(WHAT IS BEING ASKED): Write out every record below exactly as it appears, omitting the pictures.

(Items listed in a dataset):
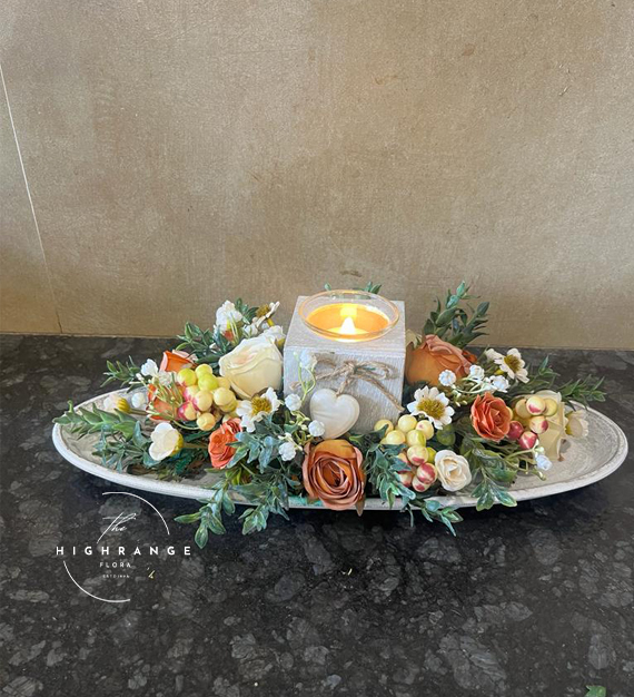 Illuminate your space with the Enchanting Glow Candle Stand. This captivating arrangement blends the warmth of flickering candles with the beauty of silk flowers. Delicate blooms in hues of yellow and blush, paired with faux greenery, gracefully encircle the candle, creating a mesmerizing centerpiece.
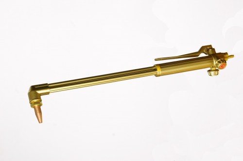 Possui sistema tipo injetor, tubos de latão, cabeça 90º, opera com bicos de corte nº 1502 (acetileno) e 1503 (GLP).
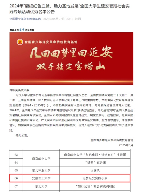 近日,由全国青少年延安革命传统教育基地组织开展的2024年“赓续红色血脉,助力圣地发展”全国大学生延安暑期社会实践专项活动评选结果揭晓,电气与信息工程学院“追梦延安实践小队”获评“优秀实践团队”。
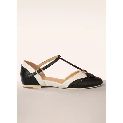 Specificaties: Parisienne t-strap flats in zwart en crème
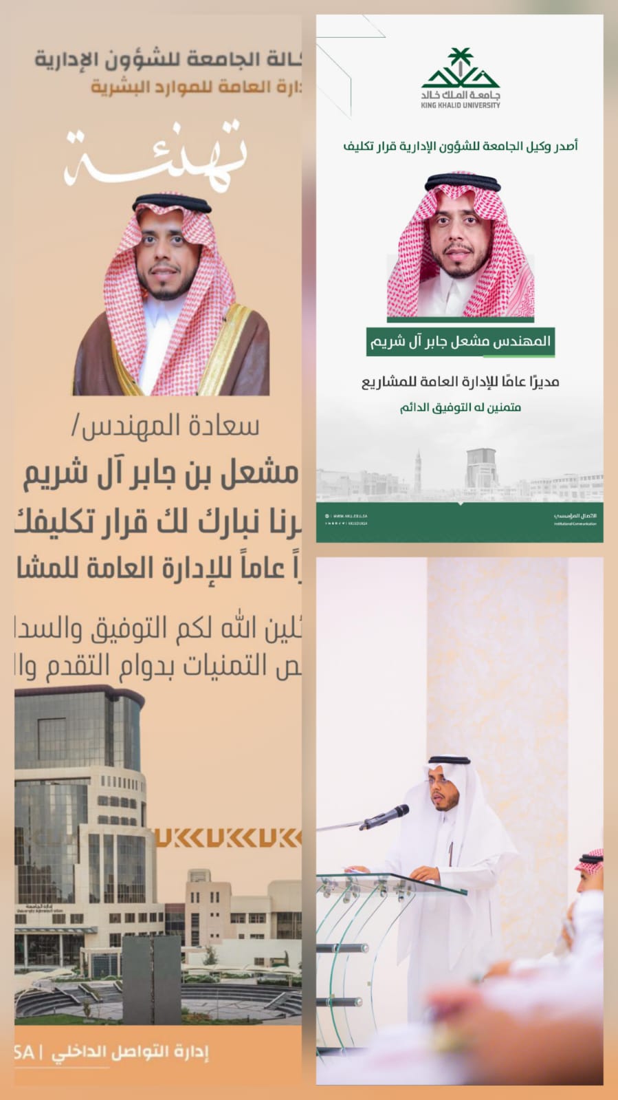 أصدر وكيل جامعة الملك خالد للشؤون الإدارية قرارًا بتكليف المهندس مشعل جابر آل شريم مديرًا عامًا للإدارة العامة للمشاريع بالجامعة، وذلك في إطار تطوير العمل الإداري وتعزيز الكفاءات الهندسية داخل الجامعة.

(RESPONSE AREA):
 Illuminate your space with the Enchanting Glow Candle Stand. This captivating arrangement blends the warmth of flickering candles with the beauty of silk flowers. Delicate blooms in hues of yellow and blush, paired with faux greenery, gracefully encircle the candle, creating a mesmerizing centerpiece.
 Possui sistema tipo injetor, tubos de latão, cabeça 90º, opera com bicos de corte nº 1502 (acetileno) e 1503 (GLP).
 近日,由全国青少年延安革命传统教育基地组织开展的2024年“赓续红色血脉,助力圣地发展”全国大学生延安暑期社会实践专项活动评选结果揭晓,电气与信息工程学院“追梦延安实践小队”获评“优秀实践团队”。
 Specificaties: Parisienne t-strap flats in zwart en crème
 أصدر وكيل جامعة الملك خالد للشؤون الإدارية قرارًا بتكليف المهندس مشعل جابر آل شريم مديرًا عامًا للإدارة العامة للمشاريع بالجامعة، وذلك في إطار تطوير العمل الإداري وتعزيز الكفاءات الهندسية داخل الجامعة.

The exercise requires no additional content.